* Work to be completed:
From the line with "Imatge virtual del projecte" through the line with "Scène albertaine le", repeat the entries verbatim, both end lines included, and add nothing.

* Records supplied:
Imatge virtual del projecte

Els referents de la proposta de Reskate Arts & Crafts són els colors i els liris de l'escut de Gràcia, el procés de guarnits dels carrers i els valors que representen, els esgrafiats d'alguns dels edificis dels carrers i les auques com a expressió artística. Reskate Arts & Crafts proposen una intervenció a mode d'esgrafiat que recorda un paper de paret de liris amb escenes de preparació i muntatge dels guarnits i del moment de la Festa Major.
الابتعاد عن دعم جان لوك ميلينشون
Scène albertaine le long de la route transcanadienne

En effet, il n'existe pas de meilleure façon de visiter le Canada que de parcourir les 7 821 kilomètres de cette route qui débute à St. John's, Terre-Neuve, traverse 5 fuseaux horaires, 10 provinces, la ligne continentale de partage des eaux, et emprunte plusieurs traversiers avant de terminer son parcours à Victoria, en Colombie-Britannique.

...

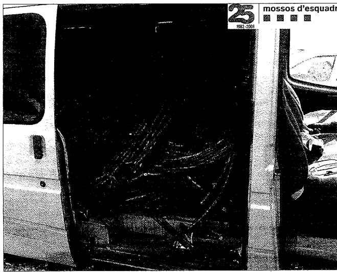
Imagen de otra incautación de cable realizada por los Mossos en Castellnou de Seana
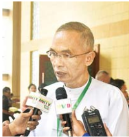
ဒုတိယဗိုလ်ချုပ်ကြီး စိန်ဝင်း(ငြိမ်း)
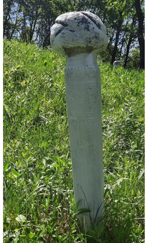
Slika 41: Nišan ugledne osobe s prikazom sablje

* Task result:
Imatge virtual del projecte

Els referents de la proposta de Reskate Arts & Crafts són els colors i els liris de l'escut de Gràcia, el procés de guarnits dels carrers i els valors que representen, els esgrafiats d'alguns dels edificis dels carrers i les auques com a expressió artística. Reskate Arts & Crafts proposen una intervenció a mode d'esgrafiat que recorda un paper de paret de liris amb escenes de preparació i muntatge dels guarnits i del moment de la Festa Major.
الابتعاد عن دعم جان لوك ميلينشون
Scène albertaine le long de la route transcanadienne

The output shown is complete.